Exercise brief:
Print exactly what appears from the line containing "(A-C) TC de" through the final line of the data below, pictures excluded.

───── Recorded data

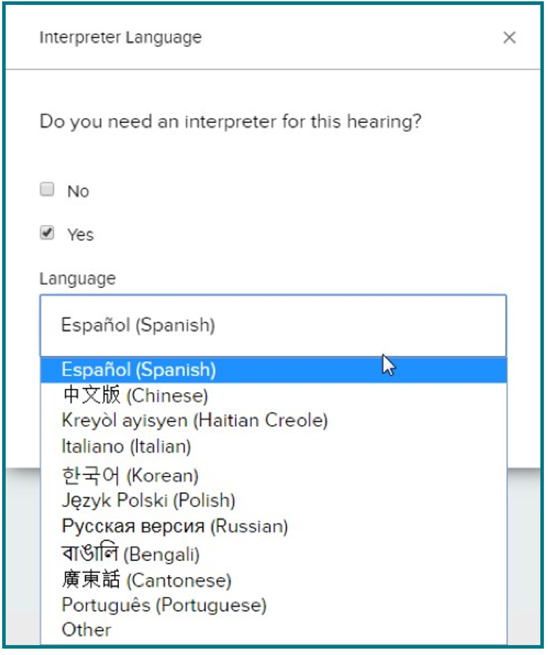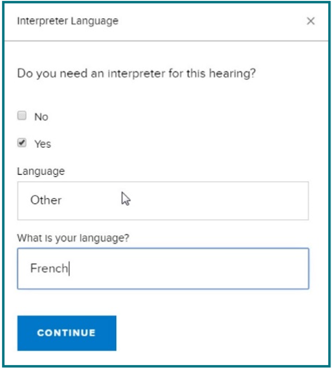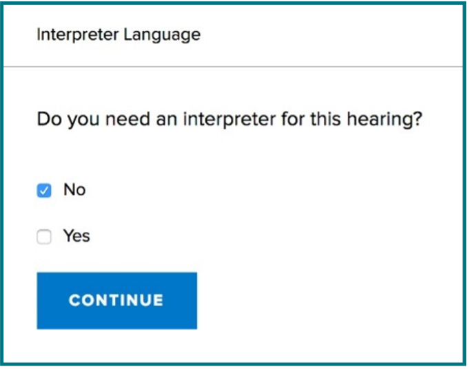 - Select whether you will need an interpreter for this hearing. If you do, choose the language needed. Select Continue.
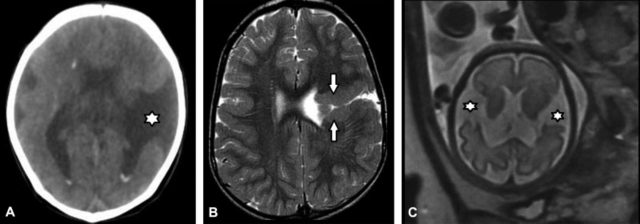 (A-C) TC de cerebro, corte axial (A) en el que se observa esquisencefalia a labio abierto temporal izquierda (*). RM de cerebro, corte axial en ponderación T2 (B). Se pone de manifiesto esquisencefalia a labio cerrado fronto-temporal izquierda; nótese polimicrogiria en sus labios (flechas). La RM fetal, corte axial en ponderación T2 de cerebro (C) muestra esquisencefalia a labio abierto bilateral (*).
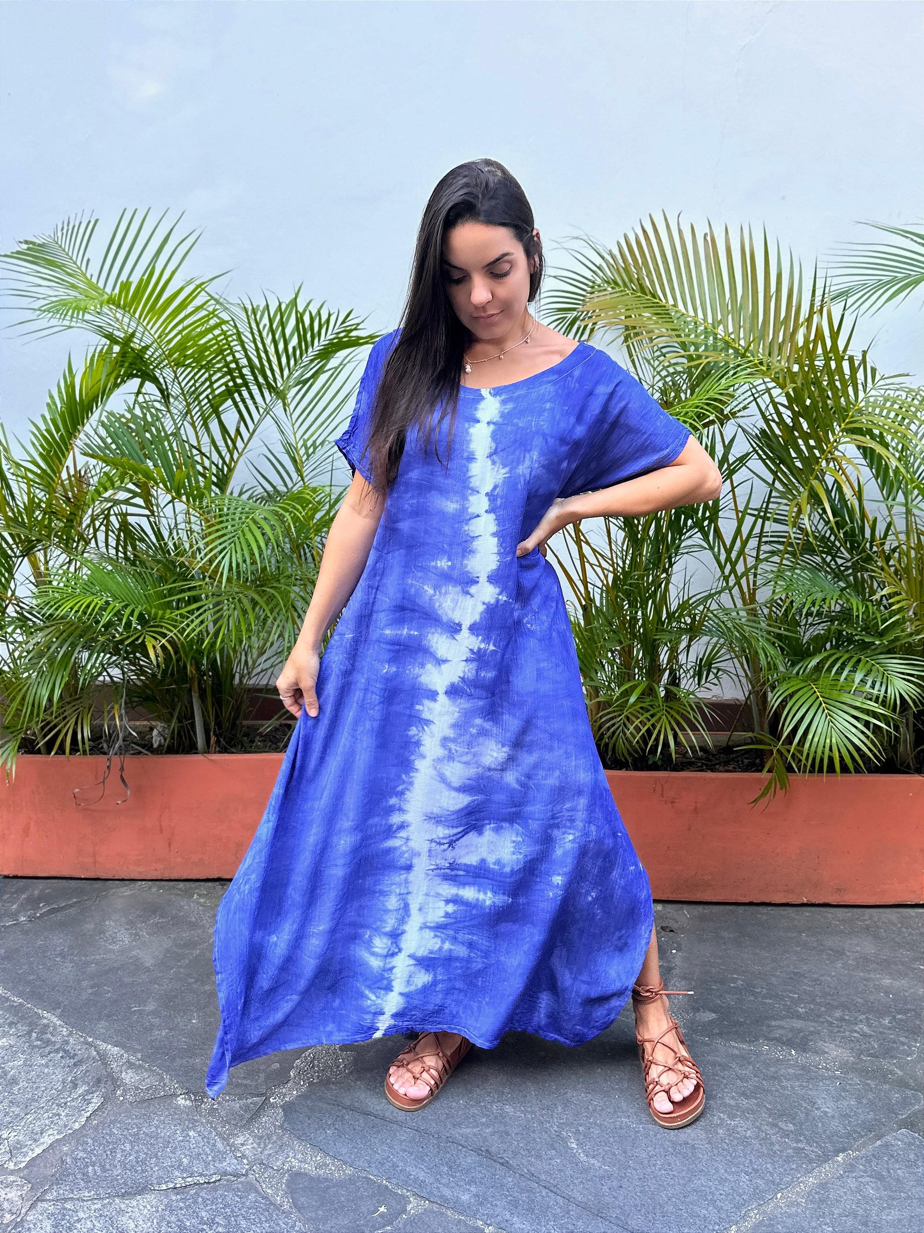 O Vestido Lola é confeccionado numa base 100%viscose na cor azul bic com branco. Possui modelagem fluída abertura lateral decote canoa e manga japonesa.O Vestido tem tintura manual em tie dye azul bic e branco.

──────────

Your solution:
 (A-C) TC de cerebro, corte axial (A) en el que se observa esquisencefalia a labio abierto temporal izquierda (*). RM de cerebro, corte axial en ponderación T2 (B). Se pone de manifiesto esquisencefalia a labio cerrado fronto-temporal izquierda; nótese polimicrogiria en sus labios (flechas). La RM fetal, corte axial en ponderación T2 de cerebro (C) muestra esquisencefalia a labio abierto bilateral (*).
 O Vestido Lola é confeccionado numa base 100%viscose na cor azul bic com branco. Possui modelagem fluída abertura lateral decote canoa e manga japonesa.O Vestido tem tintura manual em tie dye azul bic e branco.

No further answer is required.